(Exercise instructions) In the entries below, repeat only the lines between those holding "Salsiera in ceramica" and "市民前往即墨老酒城市體驗(y", inclusive. Leave pictures out.

(Source data)

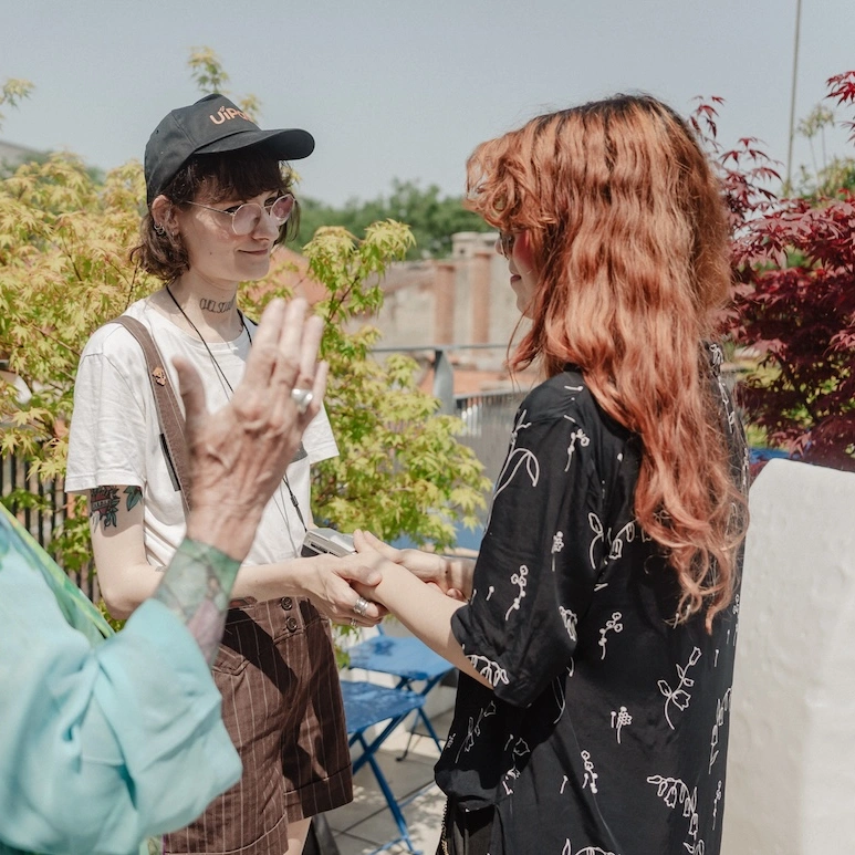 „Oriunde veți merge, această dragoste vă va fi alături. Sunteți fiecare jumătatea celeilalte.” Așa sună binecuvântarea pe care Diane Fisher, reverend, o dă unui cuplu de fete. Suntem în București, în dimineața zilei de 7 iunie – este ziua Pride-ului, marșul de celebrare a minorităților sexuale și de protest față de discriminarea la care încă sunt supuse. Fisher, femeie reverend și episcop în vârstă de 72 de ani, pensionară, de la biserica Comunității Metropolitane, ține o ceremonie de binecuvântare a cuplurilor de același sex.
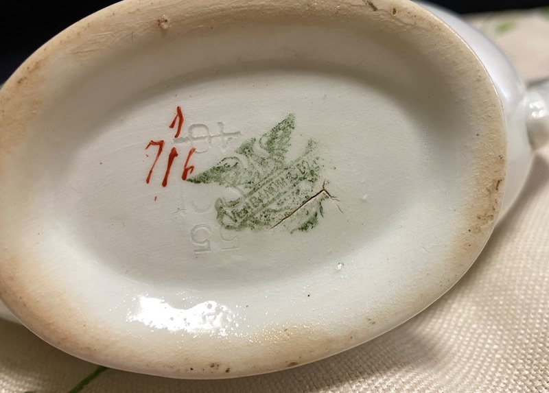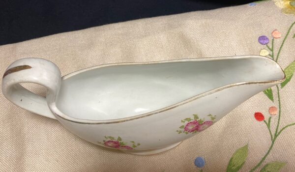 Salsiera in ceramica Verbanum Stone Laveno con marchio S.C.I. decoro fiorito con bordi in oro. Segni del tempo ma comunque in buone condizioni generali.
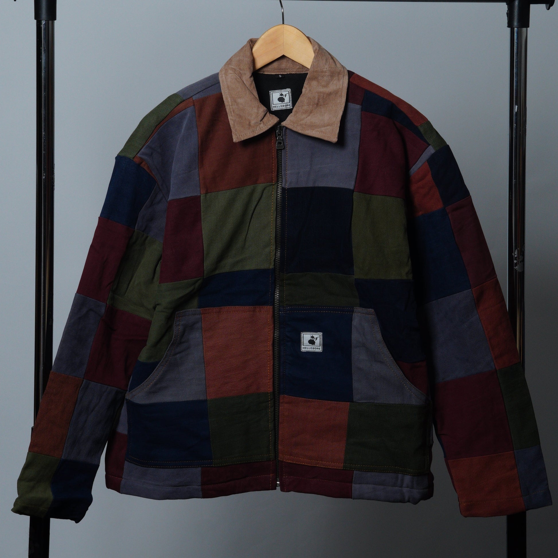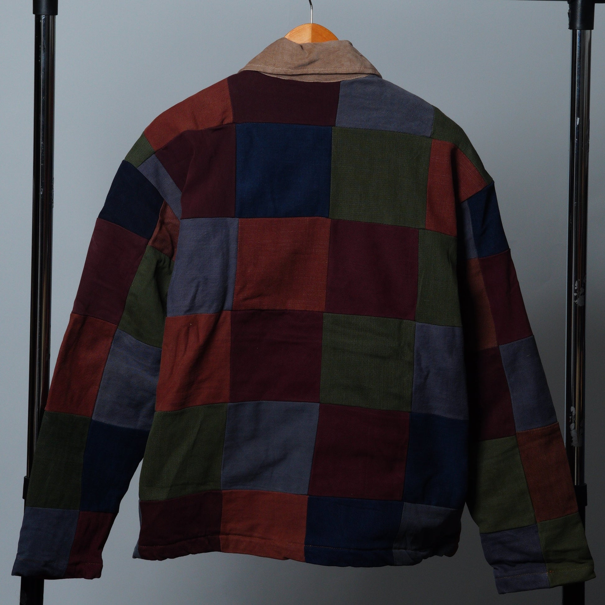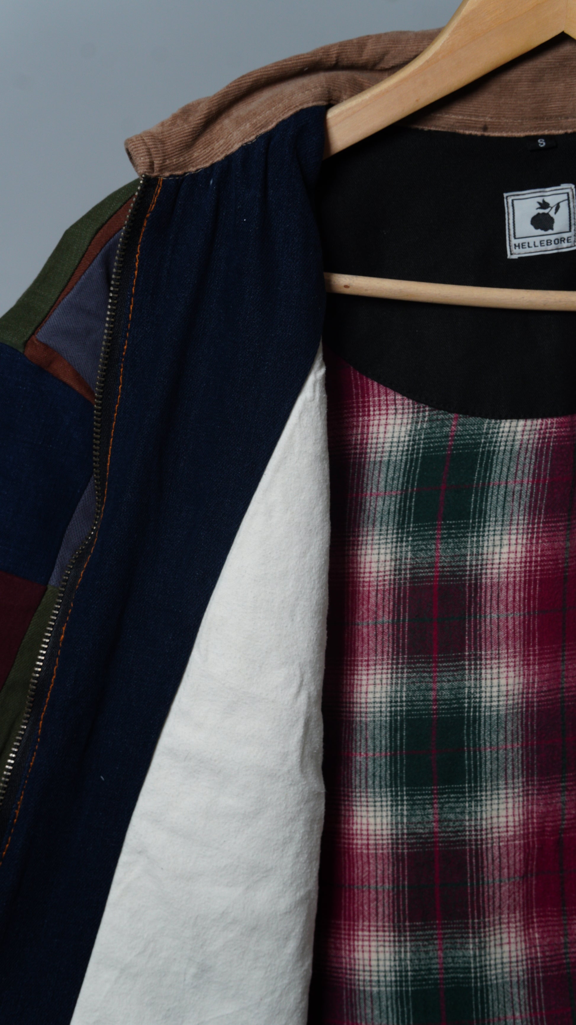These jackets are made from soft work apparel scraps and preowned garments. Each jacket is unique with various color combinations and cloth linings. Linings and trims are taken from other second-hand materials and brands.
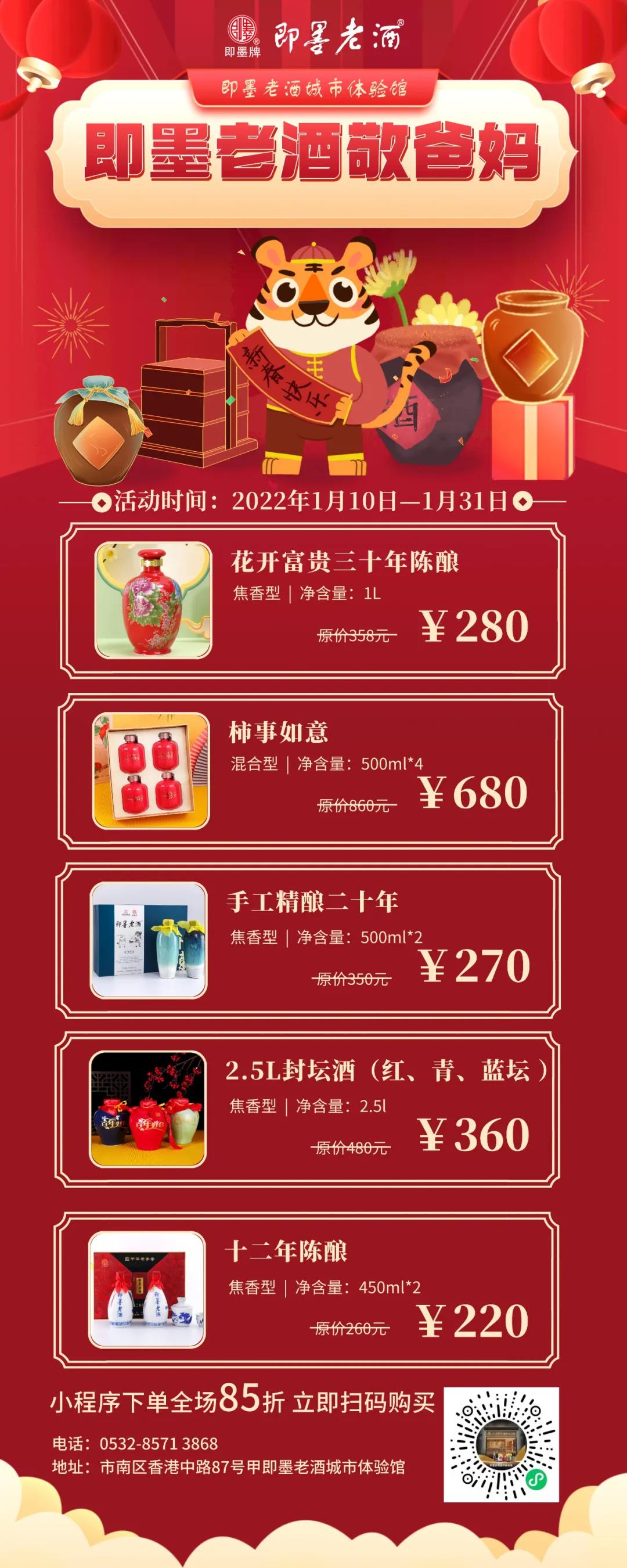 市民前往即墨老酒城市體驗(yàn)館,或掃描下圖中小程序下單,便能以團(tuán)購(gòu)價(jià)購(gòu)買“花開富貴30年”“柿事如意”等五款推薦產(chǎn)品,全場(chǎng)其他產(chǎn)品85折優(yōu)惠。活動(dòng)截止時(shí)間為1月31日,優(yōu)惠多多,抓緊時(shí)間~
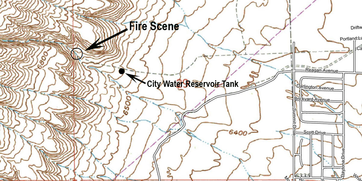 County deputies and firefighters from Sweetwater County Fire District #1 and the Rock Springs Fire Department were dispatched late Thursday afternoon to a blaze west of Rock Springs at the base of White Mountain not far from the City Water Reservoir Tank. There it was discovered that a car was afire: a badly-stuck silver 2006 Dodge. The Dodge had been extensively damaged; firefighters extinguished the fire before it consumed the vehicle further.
==
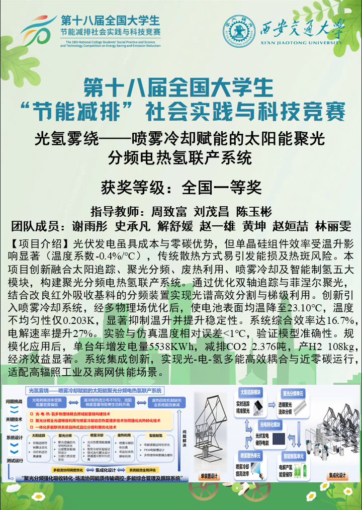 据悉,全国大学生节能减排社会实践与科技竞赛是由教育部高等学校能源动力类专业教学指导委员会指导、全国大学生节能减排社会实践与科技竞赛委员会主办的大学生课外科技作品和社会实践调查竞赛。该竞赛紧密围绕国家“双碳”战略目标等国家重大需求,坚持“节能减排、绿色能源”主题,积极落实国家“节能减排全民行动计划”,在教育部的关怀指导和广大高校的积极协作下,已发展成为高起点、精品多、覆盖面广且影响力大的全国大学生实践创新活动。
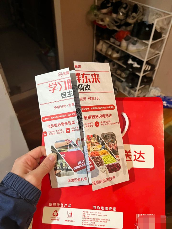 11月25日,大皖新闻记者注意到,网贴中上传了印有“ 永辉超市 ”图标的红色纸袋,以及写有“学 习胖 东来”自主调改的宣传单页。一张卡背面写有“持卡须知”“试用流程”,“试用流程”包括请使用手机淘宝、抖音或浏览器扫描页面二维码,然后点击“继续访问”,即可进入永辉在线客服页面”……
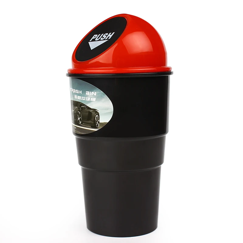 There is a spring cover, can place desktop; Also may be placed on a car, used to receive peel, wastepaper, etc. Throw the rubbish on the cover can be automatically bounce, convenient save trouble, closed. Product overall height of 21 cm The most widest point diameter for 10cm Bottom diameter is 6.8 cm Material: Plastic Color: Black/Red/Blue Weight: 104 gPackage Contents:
...
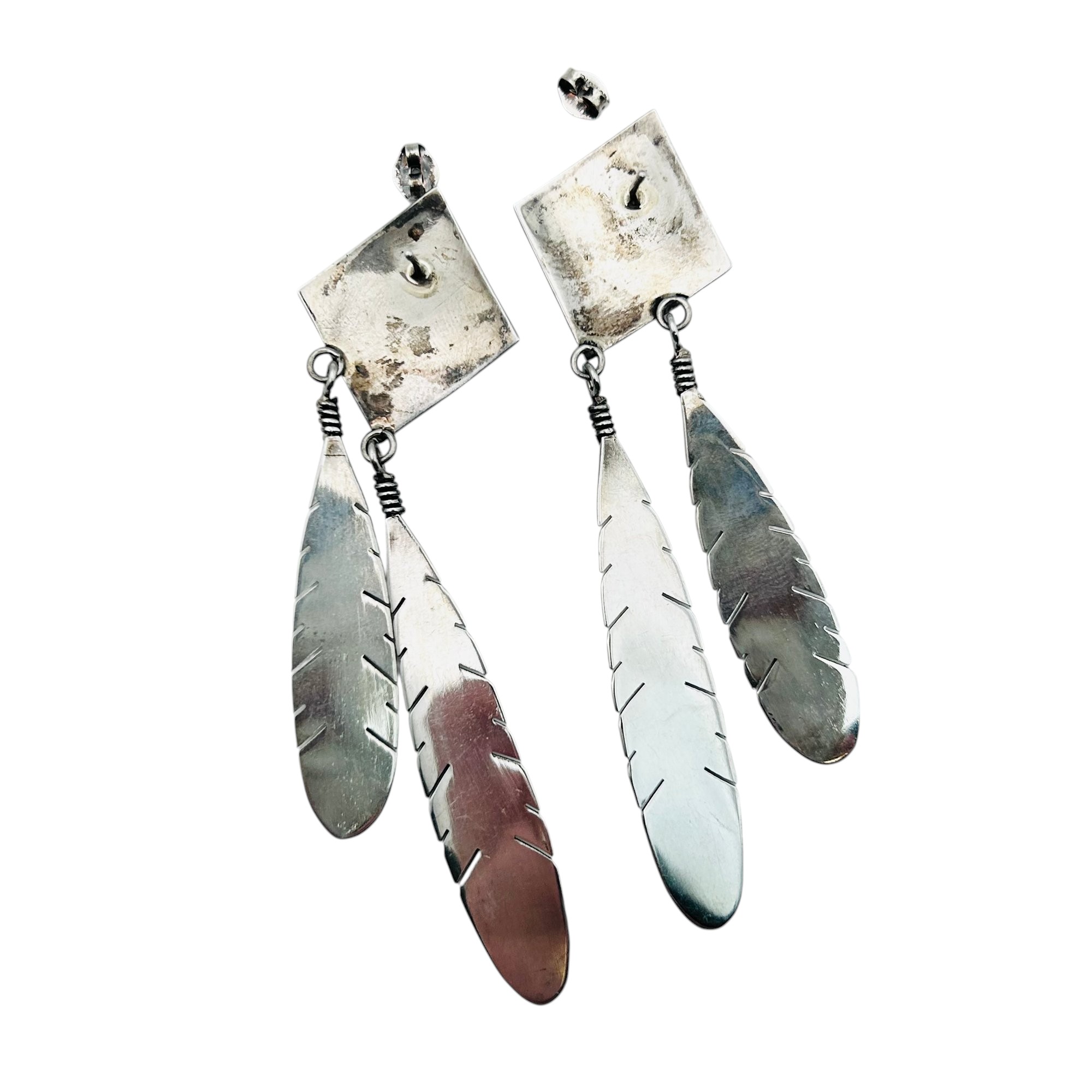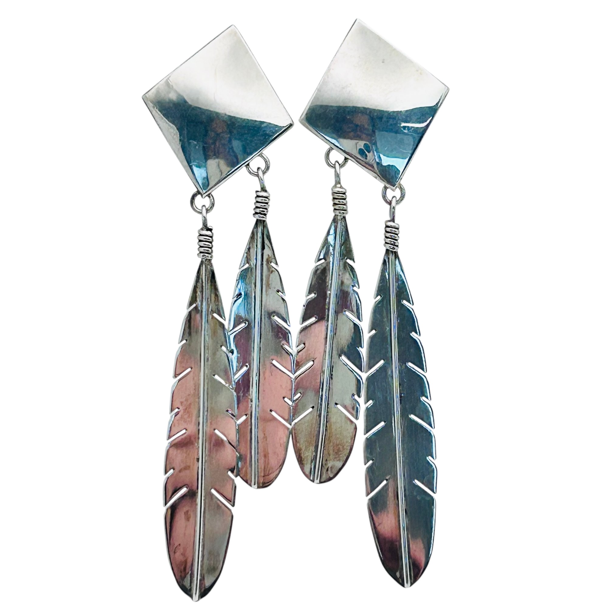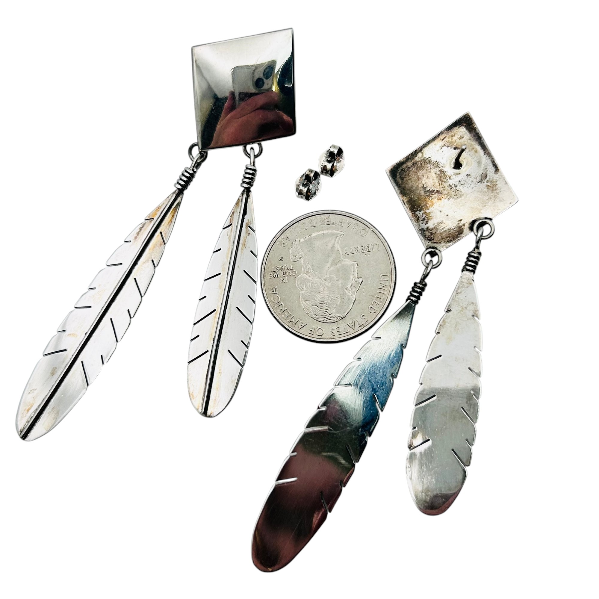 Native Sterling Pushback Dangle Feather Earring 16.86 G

(Task output)
 Salsiera in ceramica Verbanum Stone Laveno con marchio S.C.I. decoro fiorito con bordi in oro. Segni del tempo ma comunque in buone condizioni generali.
These jackets are made from soft work apparel scraps and preowned garments. Each jacket is unique with various color combinations and cloth linings. Linings and trims are taken from other second-hand materials and brands.
 市民前往即墨老酒城市體驗(yàn)館,或掃描下圖中小程序下單,便能以團(tuán)購(gòu)價(jià)購(gòu)買“花開富貴30年”“柿事如意”等五款推薦產(chǎn)品,全場(chǎng)其他產(chǎn)品85折優(yōu)惠。活動(dòng)截止時(shí)間為1月31日,優(yōu)惠多多,抓緊時(shí)間~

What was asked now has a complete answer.